Lease sale draws bids

Apache Oil dominates biggest sale since 1993

Apache Oil dominated Alaska’s Cook Inlet June 22 area-wide lease sale, netting 95 of 106 leases offered. Apache bid mostly the state’s required minimum bid of $10 per acre but bid higher more than $20 per acre on some tracts.


The bids represent Apache’s first significant acquisition of acreage since the company purchased existing leases two years ago and began a program of seismic surveys.

The state received a total of $11.04 million in apparent high bids at the sale. The highest bid was $605,779 by an individual, John Martineck, for a tract on the Kenai Peninsula near a recent gas discovery made by Buccaneer Energy, an Australian firm. According to the state Department of Natural Resources, the June 22 lease sale was the fourth-largest in history. The top lease sale in Cook Inlet was in 1993 when the state received $65 million in bids.

“These are exciting results. They far exceeded our expectations,” state Division of Oil and Gas Director Bill Barron said.

Apache’s bids were in several parts of Cook Inlet where there was unleased state acreage. Apache’s bids put together a large group of leases in upper Cook Inlet west of Anchorage and in an area south of the city of Kenai, offshore from Marathon Oil Co.’s Ninilchik onshore gas field.

The company also bid and won a group of leases east of Kenai near where Marathon drilled its Sunrise exploration well two years ago, the results of which have not been released. Apache also acquired leases near the small North Fork gas field east of Homer, on the southern Kenai Peninsula.

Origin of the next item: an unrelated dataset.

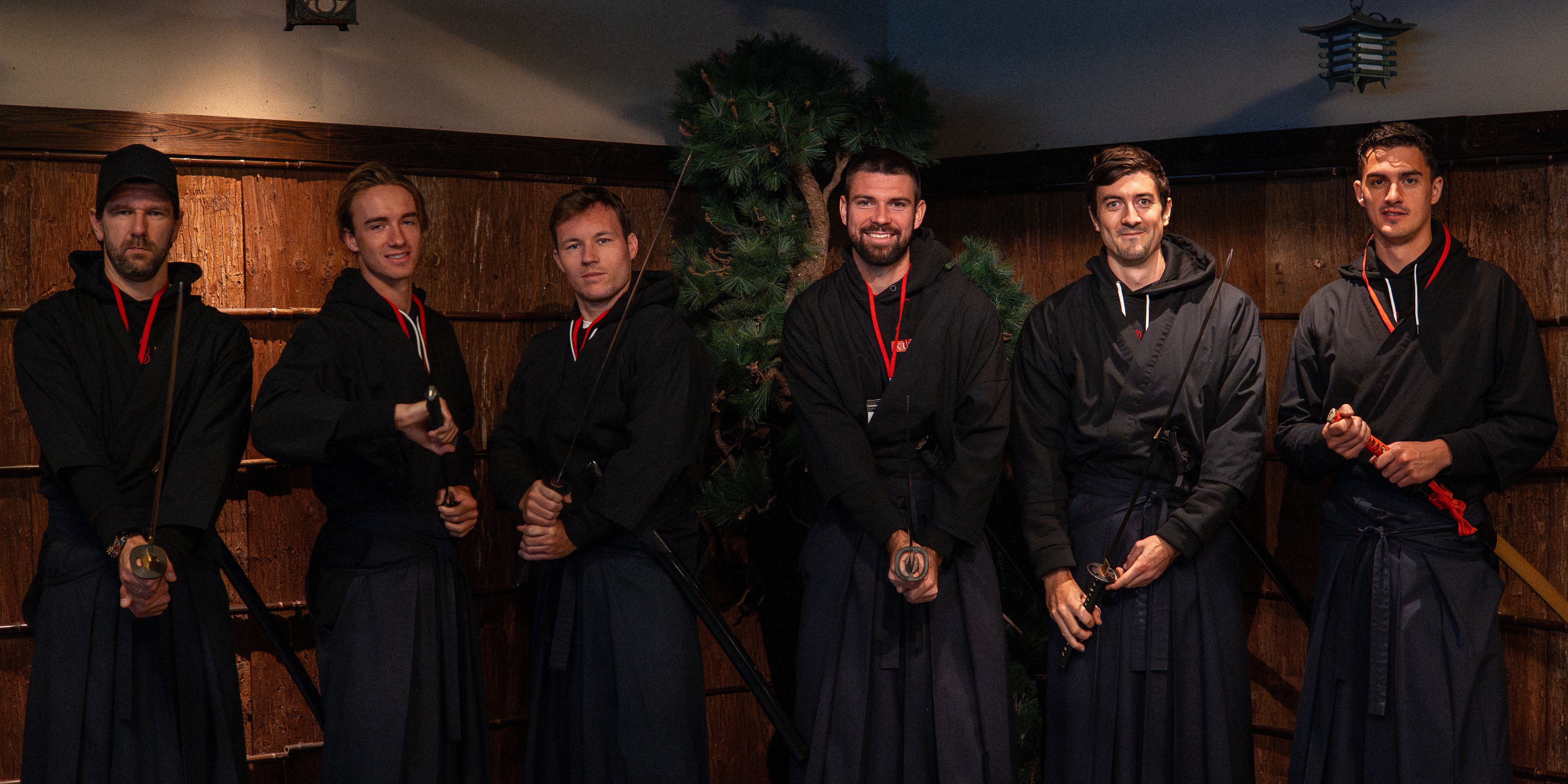 Vor den ersten Aufschlägen stand für Sebastian Ofner, Jurij Rodionov, Lukas Neumayer, Lucas Miedler und Alexander Erler am Sonntagvormittag nach einem kurzen Sightseeing noch ein Teambuilding-Event auf dem Plan, natürlich zusammen mit Kapitän Melzer; und zwar in Form eines Samurai-Kurses. Die ÖTV-Herren erlernten dabei das richtige Tragen des traditionellen Kimonos und Hakamas (Hosenrock), respektvolle Umgangsformen wie das Verbeugen und das Schwingen mit dem Katana (japanisches Langschwert), ehe es an teaminterne Kampfhandlungen ging. Alles aber kein Anlass zur Sorge: Die Sicherheit der rot-weiß-roten Tennisasse hatte hierbei selbstverständlich immer oberste Priorität. Nach einigen Übungsschwüngen mit echten, aber nicht scharfen Katanas wurden diese letztlich gegen Gummischwerter ausgetauscht, mit denen ausschließlich die Beine des jeweiligen Gegners ins Visier genommen wurden.

Apache was also the sole bidder on a special package of three leases offered as a bundle near a confirmed oil discovery, the Cosmopolitan prospect, being developed by Pioneer Alaska Inc. Pioneer had relinquished three of four leases it held, retaining one core lease. The state offered the three leases in a bundled package June 22, with Apache making the lone bid of $613,690, or $70 per acre.

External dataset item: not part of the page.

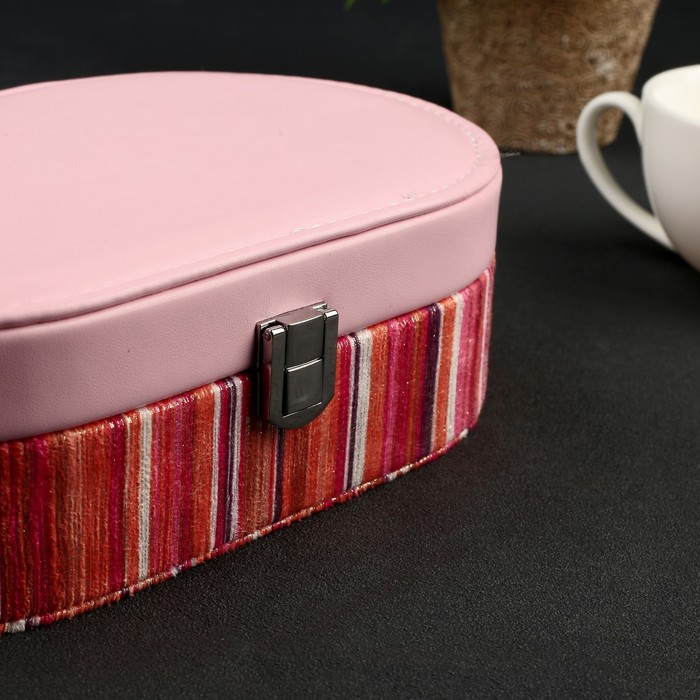 Шкатулка кожзам для украшений "Розовая с яркими полосками" 6,5х22,5х14 см

The state set standard royalty of 12.5 percent on the bundled leases but set a lease term of five years instead of the usual 10 years. It also imposed special work requirements for the lease owner to submit an exploration plan within six months of the leases being awarded. Most of the tracts sold in the sale were 5,760 acres.

The June 22 sale could make Apache the major leaseholder in Cook Inlet but final figures will not be available until later. Barron said sale results and statistics would be posted on the Division of Oil and Gas website later June 22.

A few bids from other companies and individuals were received, including one successful bid for a tract from Marathon Oil Co., one bid from small independents Cook Inlet Energy, Aurora Exploration and NorDaq Exploration, and a handful of bids from individuals.

Apache’s entry into Cook Inlet is significant because the company is well-established and has a long history of investing and rejuventating declining oil provinces. Cook Inlet oil production has declined substantially since oil fields in the region were first developed in the 1960s and 1970s, but many geologists feel the region has not been adequately explored and that substantial oil and gas resources remain to be discovered.